Fermi Large Area Telescope observations of GRB 110625A
P. H. Thomas Tam, Albert K. H. Kong (NTHU), and Yi-Zhong Fan (PMO)

TL;DR
This paper reports Fermi LAT observations of GRB 110625A, revealing GeV emission with a complex light curve and discussing its possible origin as synchrotron self-Compton radiation from UV flares.
Contribution
First detailed GeV emission analysis of GRB 110625A, showing a complex light curve and proposing a new emission mechanism.
Findings
Detected GeV emission between 180s and 580s after burst
Identified two distinct emission periods in the GeV light curve
No X-ray flaring observed during GeV emission period
Abstract
Gamma-ray bursts (GRBs) that emit photons at GeV energies form a small but significant population of GRBs.
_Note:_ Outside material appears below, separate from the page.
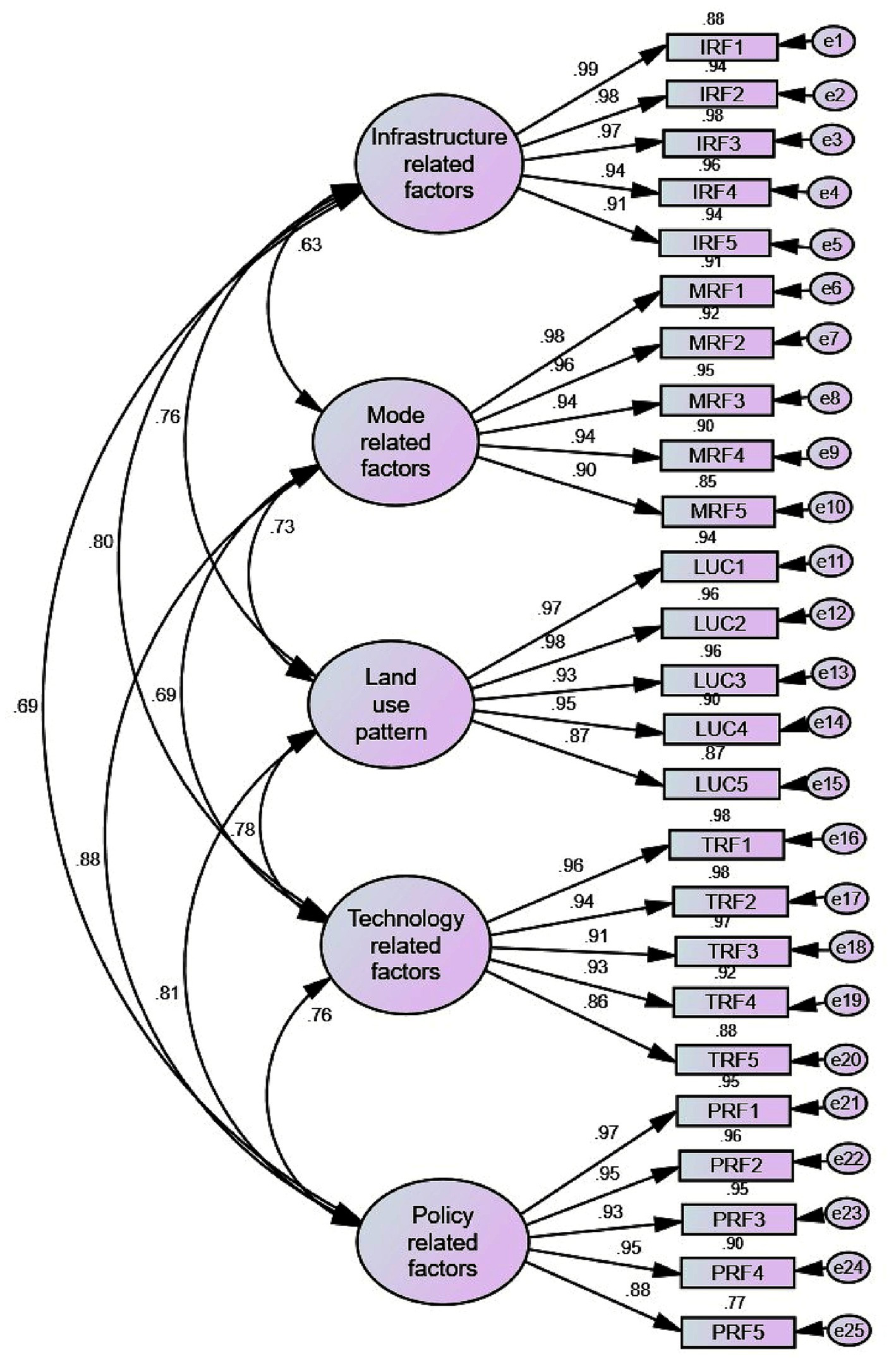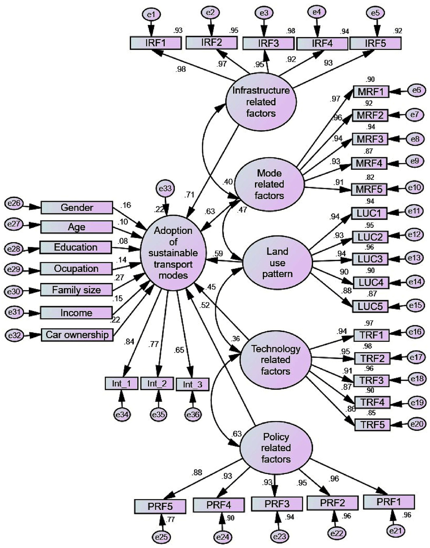 The analysis was performed in three phases. First, the EFA was conducted to extract the observed indicator variables using principal axis factoring (PAF). A factor loading of 0.50 or higher, indicating 25% of the variations, was considered (Hair et al., 2021). The Kaiser–Meyer–Olkin (KMO) test was also used to assess sample size adequacy, with a factor analysis condition between 0.5 and 1 (Bartlett et al., 2001). Additionally, the Bartlett’s test of sphericity (BTS) result was sufficiently large and significant at p < 0.01. Second, a confirmatory factor analysis (CFA) was conducted to confirm the model structure. Since the data were normally distributed, the maximum likelihood (ML) method was used to estimate the parameters identified by the CFA. The observed indicator variables’ contribution to each latent construct was assessed using squared multiple correlations (SMC), where a strong relationship between these indicators and the underlying construct is statistically significant (if p < 0.05). Furthermore, the degree of model fitness between the CFA model and the observation data measurement model was assessed using indices such as standardized root mean square residual (SRMR) and root mean square error of approximation (RMSEA), both expected to be less than 0.08 (Hooper et al., 2008). Additionally, an appropriate model fit is shown by the comparative fit index (CFI), normed fit index (NFI), parsimonious goodness of suitable index (PGFI), adjusted goodness of fit index, and goodness of fit index (GFI), all of which are expected to be greater than 0.90 (Ibid). It was found that the five latent factor constructs: infrastructure condition, mode attribute, land use parameters, policy, and technology-related factors linked with respective observed indicator variables extracted in the EEA. Third, structural equation modeling (SEM) was used to evaluate the effect of the five latent factors (exogenous variables) and respondents’ socio-demographic characteristics such as gender, age, level of education, occupation, family size, income, and car ownership on the intention to adopt sustainable transport modes to validate the SEM. Like the CFA model evaluation, the model fitness for SEM was validated using indices such as standardized root mean square residual (SRMR) and root mean square error of approximation (RMSEA), both expected to be less than 0.08, and comparative fit index (CFI), normed fit index (NFI), parsimonious goodness of suitable index (PGFI), adjusted goodness of fit index, and goodness of fit index (GFI), all of which are expected to be greater than 0.90 (Ibid). The SMC and regression coefficient were used to estimate the strength of the relationship and the magnitude of the influence of latent factors on the endogenous variable, respectively. The overall methodological flow, starting from the initial desk review to identify context-based factors influencing the intention to adopt various sustainable transportation modes to the final model estimation and validation was presented in Figure 4.

However, the number of GRBs whose GeV-emitting period is simultaneously observed in X-rays remains small. We report gamma-ray observations of GRB 110625A using Fermi's Large Area Telescope (LAT) in the energy range 100 MeV to 20 GeV. Gamma-ray emission at these energies was clearly detected using data taken between 180s and 580s after the burst, an epoch after the prompt emission phase. The GeV light curve differs from a simple power-law decay, and probably consists of two emission periods. Simultaneous Swift/XRT observations did not show flaring behaviors as in the case of GRB 100728A. We discuss the possibility that the GeV emission is the synchrotron self-Compton radiation of underlying ultraviolet flares.